BEGIN RECORDS SUPPLIED

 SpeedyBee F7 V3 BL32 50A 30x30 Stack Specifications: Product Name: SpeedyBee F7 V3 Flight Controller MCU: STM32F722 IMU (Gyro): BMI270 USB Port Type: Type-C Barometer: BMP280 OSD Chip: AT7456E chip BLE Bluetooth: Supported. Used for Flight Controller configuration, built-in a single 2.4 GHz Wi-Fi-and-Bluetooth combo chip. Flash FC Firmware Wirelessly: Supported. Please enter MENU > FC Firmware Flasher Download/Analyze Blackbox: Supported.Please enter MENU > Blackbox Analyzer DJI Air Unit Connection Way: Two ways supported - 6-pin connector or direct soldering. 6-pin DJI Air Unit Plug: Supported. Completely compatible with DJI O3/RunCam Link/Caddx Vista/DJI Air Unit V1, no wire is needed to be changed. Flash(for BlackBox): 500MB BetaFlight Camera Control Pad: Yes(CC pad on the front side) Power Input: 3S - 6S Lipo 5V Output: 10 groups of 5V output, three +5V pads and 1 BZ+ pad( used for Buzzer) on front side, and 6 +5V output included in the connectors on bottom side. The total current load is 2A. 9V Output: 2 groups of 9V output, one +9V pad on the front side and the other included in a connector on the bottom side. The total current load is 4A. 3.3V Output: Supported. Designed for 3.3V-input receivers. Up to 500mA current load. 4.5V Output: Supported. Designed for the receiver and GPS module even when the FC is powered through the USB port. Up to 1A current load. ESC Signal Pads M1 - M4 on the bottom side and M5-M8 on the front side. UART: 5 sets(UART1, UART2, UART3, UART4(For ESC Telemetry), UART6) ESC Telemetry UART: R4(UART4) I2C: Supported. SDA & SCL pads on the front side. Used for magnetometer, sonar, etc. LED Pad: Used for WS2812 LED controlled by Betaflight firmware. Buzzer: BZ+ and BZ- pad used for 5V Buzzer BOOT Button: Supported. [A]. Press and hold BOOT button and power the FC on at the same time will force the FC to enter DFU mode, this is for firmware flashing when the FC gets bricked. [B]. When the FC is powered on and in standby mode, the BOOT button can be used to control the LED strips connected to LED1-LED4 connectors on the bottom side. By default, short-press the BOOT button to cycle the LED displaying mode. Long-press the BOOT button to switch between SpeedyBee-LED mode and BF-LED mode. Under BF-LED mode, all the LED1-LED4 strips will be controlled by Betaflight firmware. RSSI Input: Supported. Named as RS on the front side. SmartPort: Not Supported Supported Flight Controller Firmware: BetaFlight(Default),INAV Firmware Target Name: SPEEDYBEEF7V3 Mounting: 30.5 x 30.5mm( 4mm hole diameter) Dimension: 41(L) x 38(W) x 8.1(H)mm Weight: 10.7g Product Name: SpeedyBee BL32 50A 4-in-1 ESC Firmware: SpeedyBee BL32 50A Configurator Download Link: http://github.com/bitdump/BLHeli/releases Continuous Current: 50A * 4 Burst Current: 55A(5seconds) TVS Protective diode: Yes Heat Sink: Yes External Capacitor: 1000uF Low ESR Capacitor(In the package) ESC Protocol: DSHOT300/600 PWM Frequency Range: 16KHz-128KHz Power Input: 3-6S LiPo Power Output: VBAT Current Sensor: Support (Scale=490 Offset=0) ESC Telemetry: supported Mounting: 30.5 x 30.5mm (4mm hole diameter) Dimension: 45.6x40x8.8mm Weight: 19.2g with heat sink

END RECORDS SUPPLIED
BEGIN RECORDS SUPPLIED

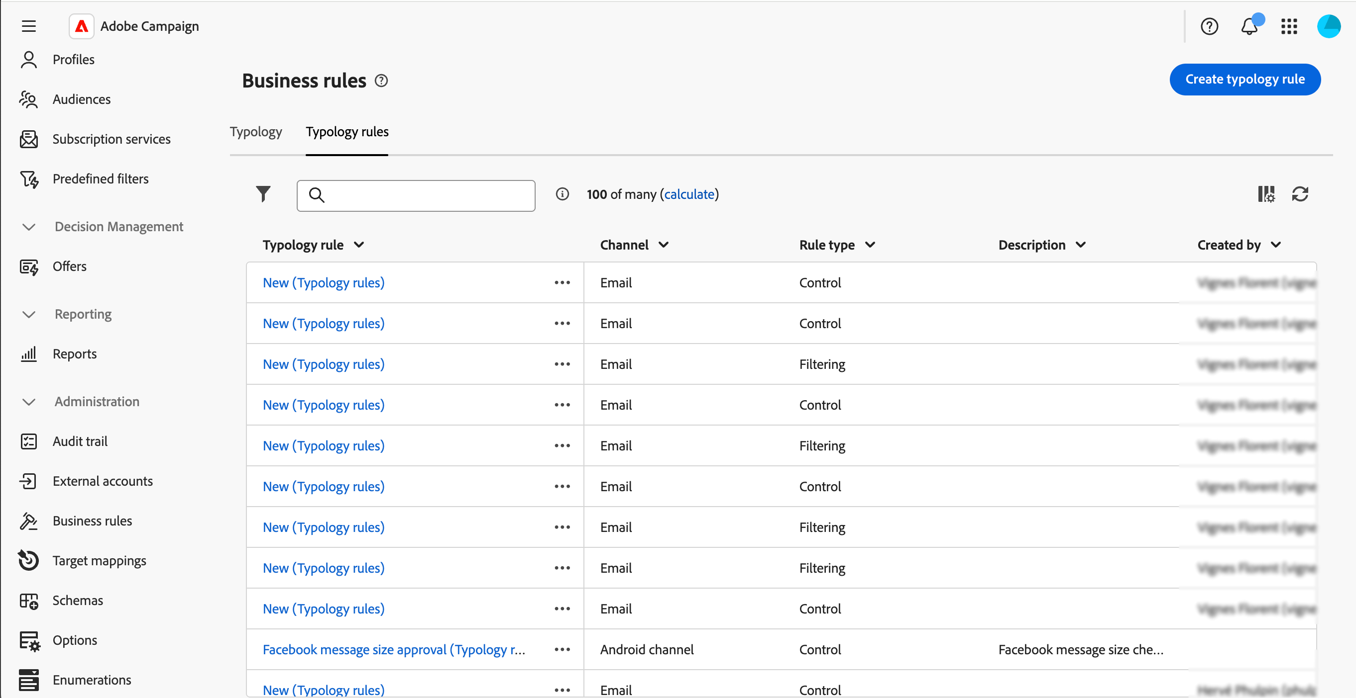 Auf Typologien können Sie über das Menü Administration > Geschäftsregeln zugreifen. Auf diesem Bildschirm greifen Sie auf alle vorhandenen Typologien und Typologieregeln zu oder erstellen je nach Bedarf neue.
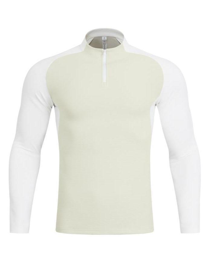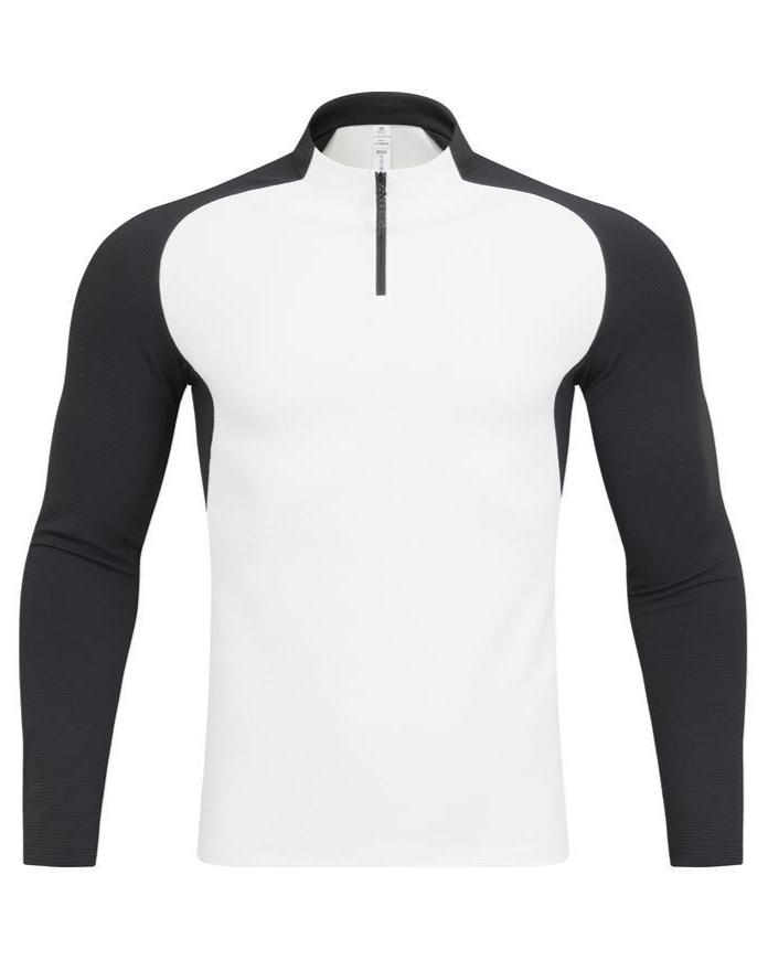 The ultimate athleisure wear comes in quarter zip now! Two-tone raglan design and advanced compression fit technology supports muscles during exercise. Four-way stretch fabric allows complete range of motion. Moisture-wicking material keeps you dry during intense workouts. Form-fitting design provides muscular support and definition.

END RECORDS SUPPLIED

» **TASK BRIEF**
Copy exactly the material above from the line with "Auf Typologien können" to the line with "The ultimate athleisure", ends included, and nothing else. Leave out any picture.

» **REPLY TO THE EXERCISE**
 Auf Typologien können Sie über das Menü Administration > Geschäftsregeln zugreifen. Auf diesem Bildschirm greifen Sie auf alle vorhandenen Typologien und Typologieregeln zu oder erstellen je nach Bedarf neue.
 The ultimate athleisure wear comes in quarter zip now! Two-tone raglan design and advanced compression fit technology supports muscles during exercise. Four-way stretch fabric allows complete range of motion. Moisture-wicking material keeps you dry during intense workouts. Form-fitting design provides muscular support and definition.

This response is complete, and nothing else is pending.